Non disturba affatto, dunque, la deduzione logica diffusa negli ambiti della Critica Letteraria, che suole accumunare le vicende biografiche dell’incisore Campagnola e del confratello, amico e pittore Giorgione (v. Fig. 2), quali magistri che operano storicamente, seppur con “fantasia”, entro ben mirate scelte iconografiche e strutture compositive.

Fig. 2: Giorgione, I Tre Filosofi (1506- 1508), olio su tela, misura 123,5 x 144,5 cm., Kunsthistorisches Museum, Vienna. A proposito dell'opera in esame, Lionello Venturi nel 1954 scriveva: "ciò che costituisce l’afone poetico del quadro è questa potenza di giungere con la sensibilità pittorica a intravvedere quella concezione sentimentale del mondo che fu chiamata panteismo". Le tre figure possono così spiegarsi: l’anziano (lato dx) con in mano un foglio recante scritti simboli e astronomici, il giovane (lato sx) che con una squadra e un compasso è intento alla rappresentazione topografica (non sarebbe quindi casuale che stia osservando una grotta, luogo singolare, oltre che simbolico, della morfologia terrestre) e la figura di un uomo arabo (centro), determinante per la definizione della nostra moderna matematica. Il dipinto funge da allegoria alla Conoscenza scientifica, i cui principi sono utili per la misurazione e la conoscenza sia del cielo sia della terra. Il pittore ha probabilmente raffigurato le personificazioni delle materie Astronomia, Aritmetica e Geometria che, secondo la tradizione medievale, erano tra le principali Arti Liberali.

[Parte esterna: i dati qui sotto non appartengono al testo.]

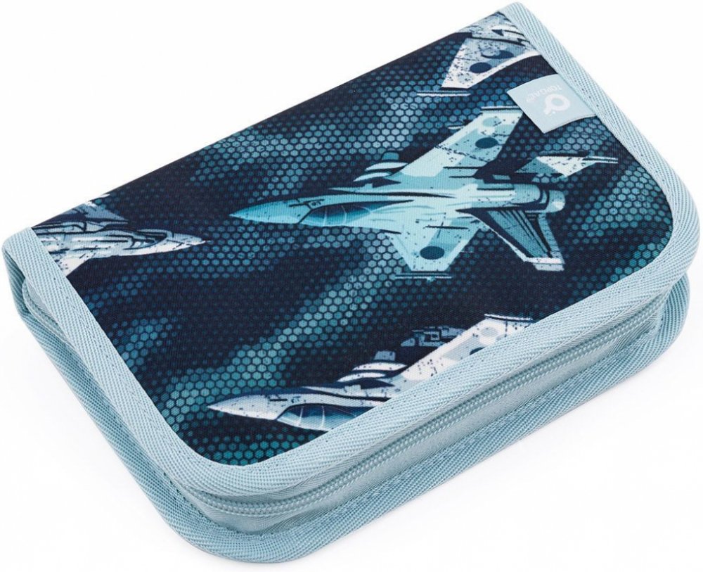 Jednopatrové školní pouzdro se dvěma klopami. Díky gumovým úchytům se do nich vejde celkem dvacetjedna pastelek, tužek a fixek. Tři širší úchyty poslouží na pravítko, kružítko či nůžky. Dva větší na gumu a ořezávátko.
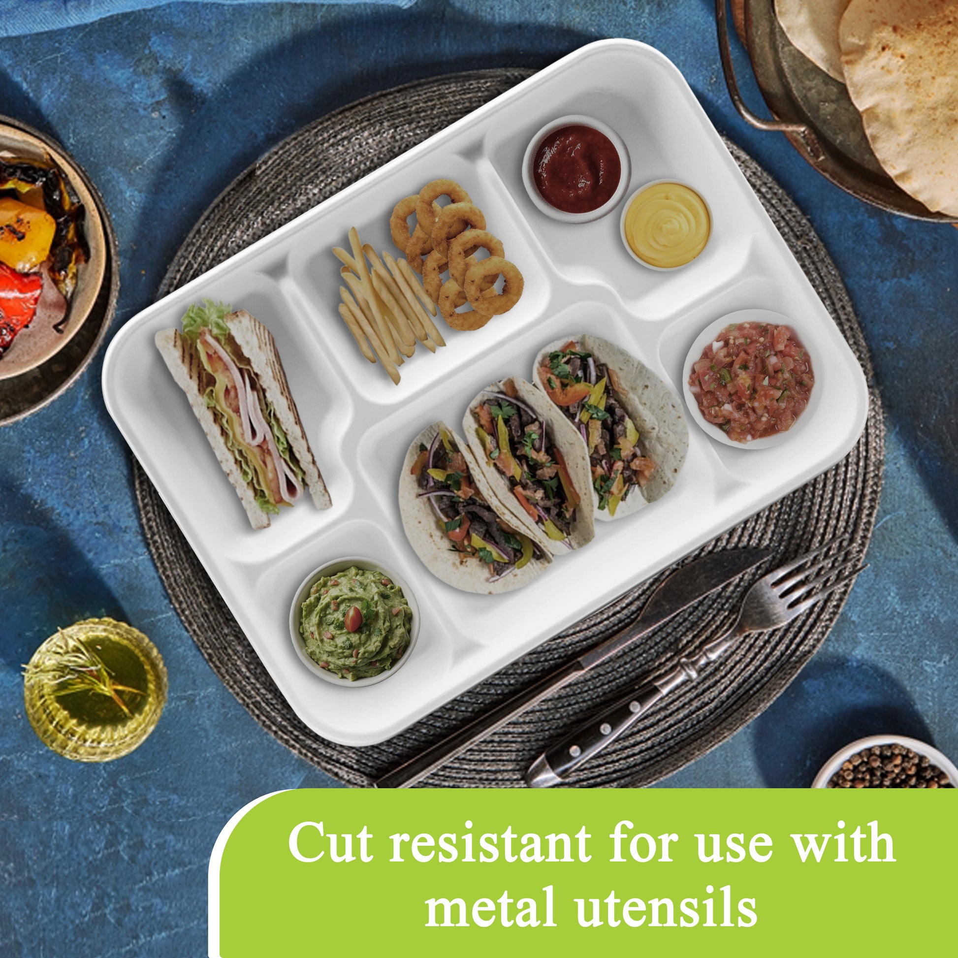 - 100% Bagasse Sugarcane Fiber: Use our bagasse disposable Trays set to conveniently remember special occasions. This dinnerware is perfect for picnics and birthday celebrations thanks to its high quality. On a classy bagasse Trays that is microwave safe and freezer safe, it is simple to offer heavy meals.
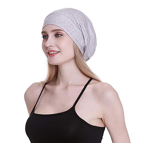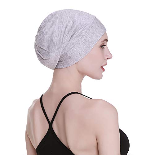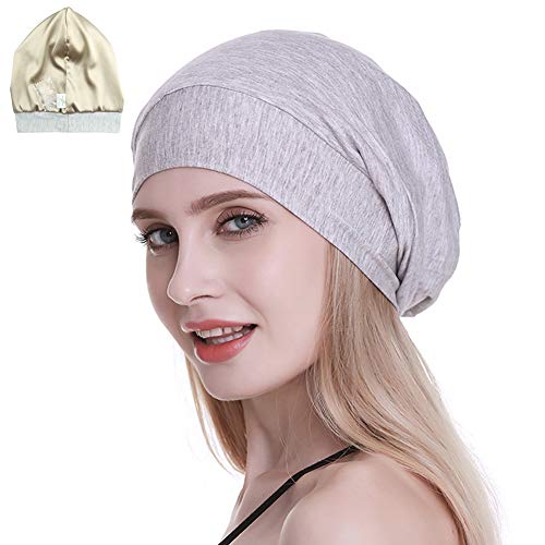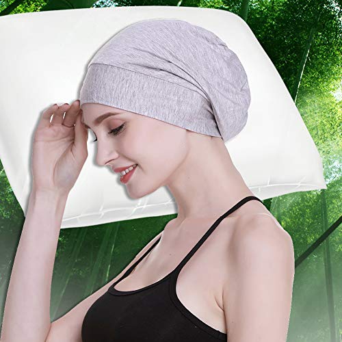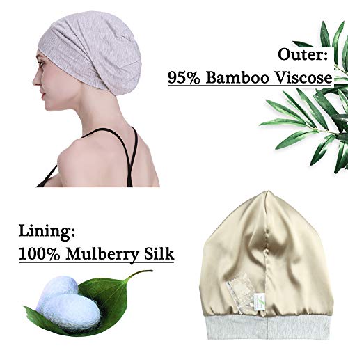 Gorro de seda con forro de satén interior de 19 mm 100% seda de morera exterior de bambú y viscosa natural transpirable para el cabello Gris claro
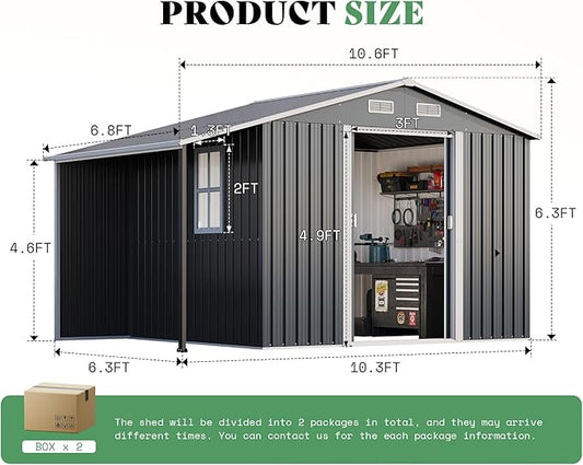 Jocisland 10.6x6.8x6.3 FT Outdoor Storage Shed with Sliding Doors, Two 4-Pane Windows, Open Design Outdoor Shed for Wood Storage, Dark Grey/White

Personaggi insoliti ed onirici, riferimenti astrologici e profezie sulla caducità del tempo, sono le fornici che fluidificano le arcate narrative delle composizioni siffatte, ancor più se supportate (e correlate) dal dibattito, diffuso proprio in ambiente trevigiano durante gli anni ’70, intorno alla figura del dotto campano difensore delle Scienze e delle Arti, Giovan Battista Abioso1.

1

D’Amicone, Silvio, I cieli di Giorgione. Astrologia e divinazione nel Fregio delle Arti, Treviso, Zel Edizioni, 2010; Fossi, Piero, Di Giorgione e della critica d’arte, Firenze, Olschki, 1957; Gentili, Augusto, Giorgio (Zorzi, Zorzo) da Castelfranco, detto Giorgione, inDizionario Biografico degli Italiani, Roma, Istituto della Enciclopedia Italiana, 2000, pp. 350-361. Il Fregio di casa Marta (ora Casa di Giorgione), in un complesso percorso simbolico, trova riscontri nell’opera di Giovan Battista Abioso, medico, matematico e filosofo che tenne scuola a Treviso; di fatto divenne lo stendardo illustrativo del potere dell’influenza negativa degli astri esercitato sulle arti, sugli eventi storici e sull’armonia dell’Universo ( G. B. Abioso in Dialogus in Astrologiae defensionem , 1494 ).

Sembrerebbe, dunque, che la quattrocentesca dottrina della Sola Virtus Clara Aeternaque habetur2, (v. Fig. 3), così come la Prospectiva3 quale accertamento dei corpi celesti rispetto calcoli di tipo trigonometrico, altro non suggeriscono se non l’intento del nostro Astrologo di dimostrare, mediante la propria Tabula, che nessuna Arte (o Virtù) può esistere, se priva di un fondamento scientifico (Ars sine Scientia nihil est).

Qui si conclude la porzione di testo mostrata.